Story Courtesy of Cleveland.com
This Sunday, families in two area neighborhoods will awaken to the rumbling of 14 semi-trucks as they roll in loaded down with brand-spanking-new bikes.
On that day, 1,000 kids will receive a new bike and for some, that might be the only gift they get, said Brian Miner who co-founded the nonprofit Elves & More of Northeast Ohio with his friend, Tim House.
The men, who once cycled together competitively in Stark County, launched the organization after learning through the bicycling community about a man in Texas who ran a similar program. The Texan, David Moore, said that during one delivery, two boys were quietly off by themselves after getting their new bikes. When Moore approached them to make sure all was well, the boys said they’d never gotten a Christmas present and wanted to save the bikes for Christmas day.
“That kind of thing is not unique to Houston,” Miner said. “It’s also in Akron and Cleveland and other areas.”
Miner and House got in touch with Moore to learn about his program, now called CYCLE, and struck out on their own. Despite building and delivering bikes all over the area for 12 years, Elves & More doesn’t seek attention, and Miner describes the project as “a labor of love.”
“Tim and I joke we’re the lemonade stand of nonprofits,” he said, as both men work day jobs and run the Akron-based nonprofit in their spare time. Miner is an architect at Hasenstab Architects Inc. in Akron, and House a materials and production manager at Columbus McKinnon Corp. in Salem.
The bicycles are purchased from the Huffy bike manufacturing company at a discount, but require assembly. In the first year, the men relied heavily on family and friends to build the 400 bikes they gave away. The next year, jumping to 1,000 bikes, they were harder pressed to get the volunteers needed until an Akron Beacon Journal story on the group drew the help they needed. Since then, numbers have steadily increased, as volunteers bring along friends each year.
About 500 volunteers gathered last weekend to assemble the bikes at Ferry Industries in Stow, which donates the warehouse space to build and house the bikes until they are delivered. Each year, volunteers get new t-shirts.
“It was cool to be able to walk around this week and see some of those old timers who are wearing t-shirts a decade old,” Miner said.
To pay for the bikes, the group hosts fundraisers and applies for grants. XPO Logistics, a global logistics company, donates the semi-trucks and workers needed to haul the bikes from a Huffy warehouse in California and then transport them from the assembly point to the selected neighborhoods on delivery day.
Over the years, the group has given bikes to kids in many Summit County neighborhoods and in the past five years has branched out to include neighborhoods in Stark and Cuyahoga counties.
Josh Troche, who has volunteered with the group for 11 years and created a video of build day, said no one, not even the volunteers, know what neighborhoods will be chosen until 15 minutes before they head out on Sunday morning.
“That’s kind of the beauty of it,” Troche said. “It’s for the hard-hit neighborhoods.”

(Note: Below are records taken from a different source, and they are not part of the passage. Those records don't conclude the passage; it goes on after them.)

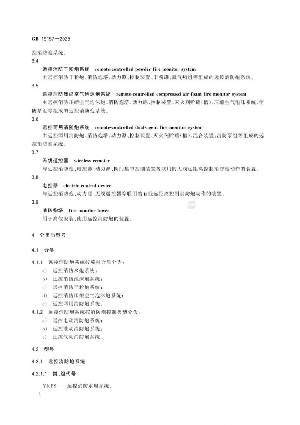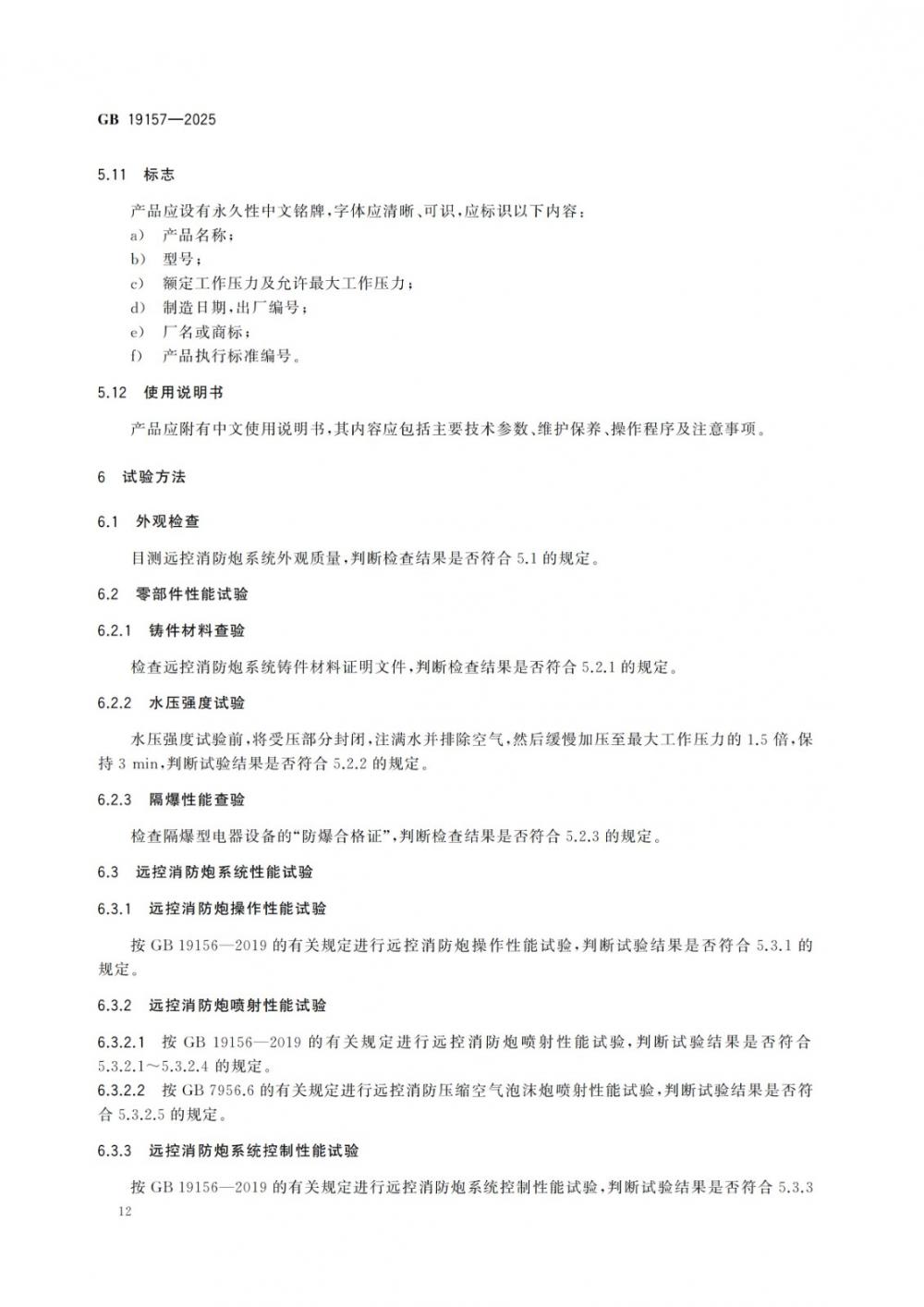 GB 19157-2025 《遠(yuǎn)控消防炮系統(tǒng)通用技術(shù)條件》免費
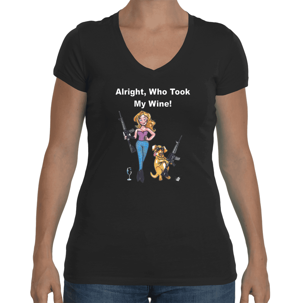 WineyBitches.co "Who Took My Wine" V Neck Tee
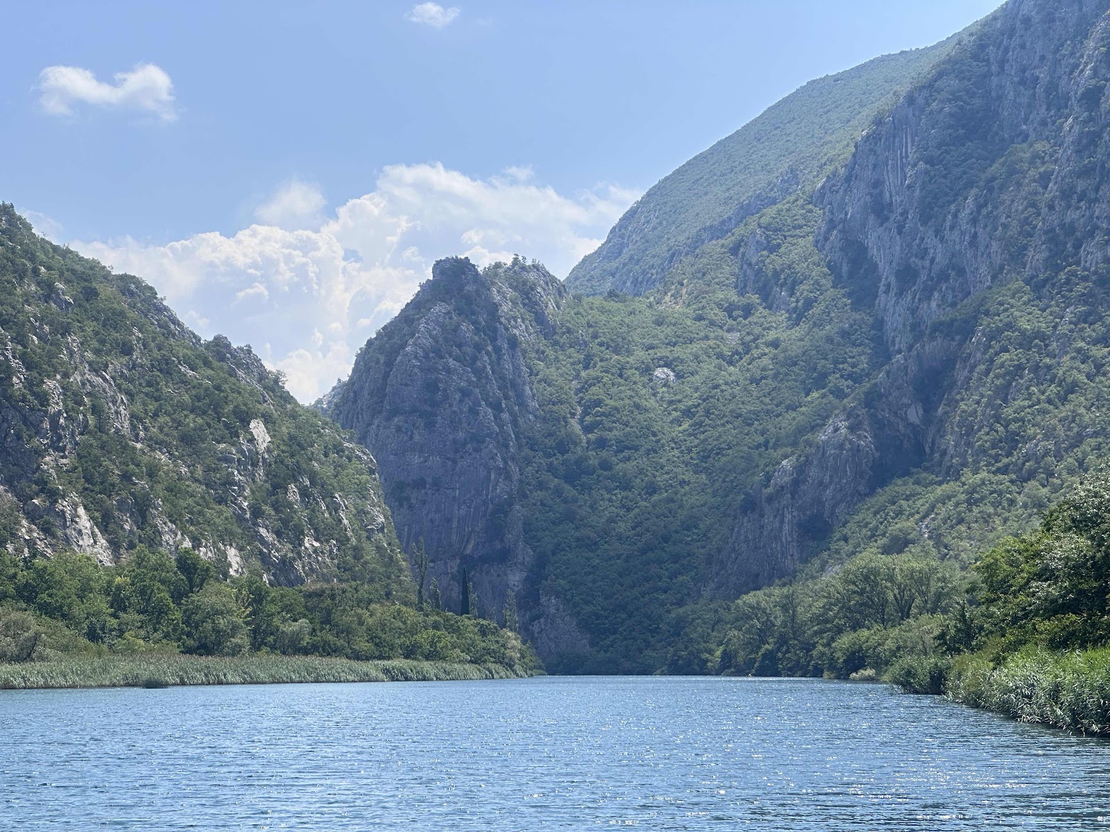 Vi hoppede ombord på en båd, der kunne sejle os lidt ind imellem kløfterne.
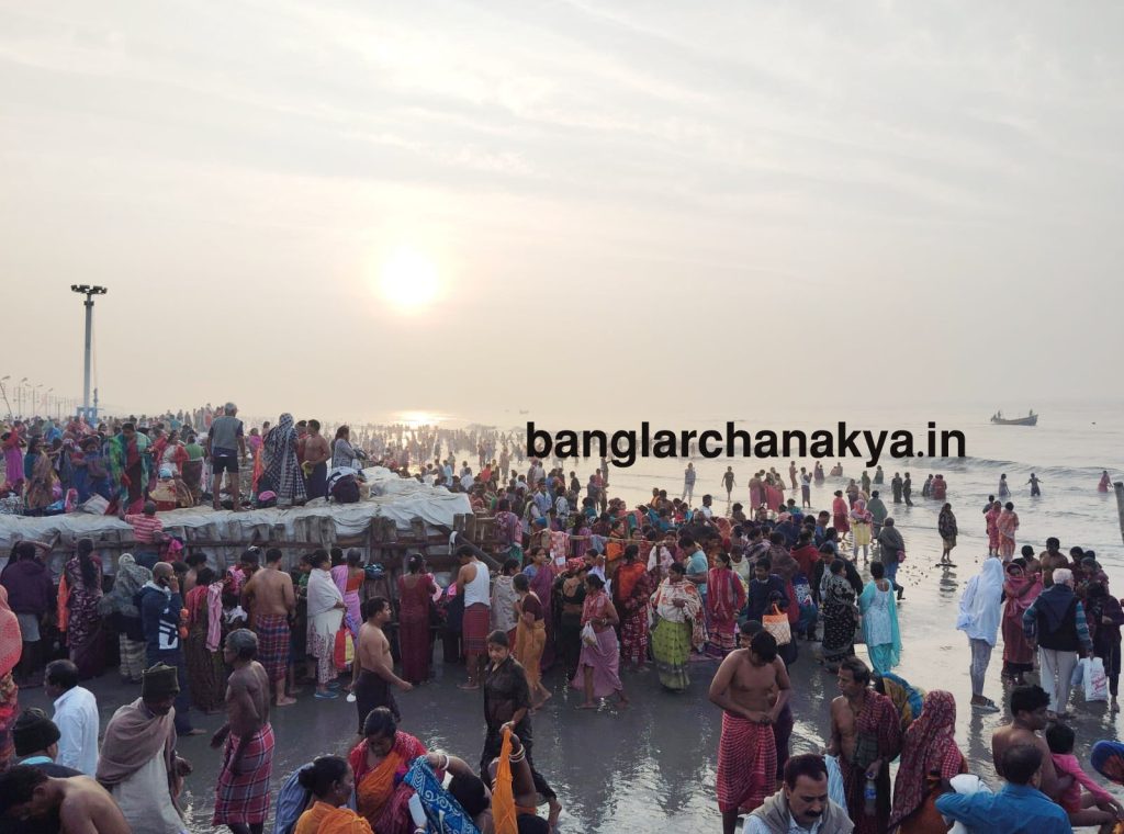 রমেশ রায়,বাংলার চাণক্য নিউজ ডেস্ক:- গঙ্গাসাগর সঙ্গমে মাঘী পূর্ণিমায় লক্ষ লক্ষ পুণ্যার্থী স্নান সারছেন।আর পূণ্যার্থীদের কথা ভেবে কাকদ্বীপ মহকুমা প্রাশাসন সবরকম বন্দোবস্ত করেছে। নিরাপত্তায় অতিরি্ক্ত জোর দিতে বাড়ানো হয়েছে পুলিশের সংখ্যা।সকাল থেকেই স্নানের পর কপিলমুনি মন্দিরে পুজো দেওয়ার লম্বা লাইন পড়েছে। জেলা প্রশাসনের পক্ষ থেকে পুণ্যার্থীদের জন্য শৌচালয়, যাত্রীনিবাসের ব্যবস্থা করা হয়েছে। সুন্দরবন পুলিশ জেলার পক্ষ থেকে অতিরিক্ত পুলিশ বাহিনী মোতায়েন করা হয়েছে।

To ensure they get people’s attention, the trucks will sound their horns as they drive through the neighborhood until they arrive at the designated intersection. From there, word of mouth and social media will help get folks out of their houses.
“The true mission is to get kids out and about,” he said. “To get them to after-school programs and give them the freedom and opportunities to do the stuff they couldn’t do otherwise.”
In its simplest form, the group wants to provide hope to an underprivileged neighborhood, Miner said, but the bikes also give the gift of possibility.
“We want them to see that their future and their life could be completely different than what they see out on the street corner,” he said.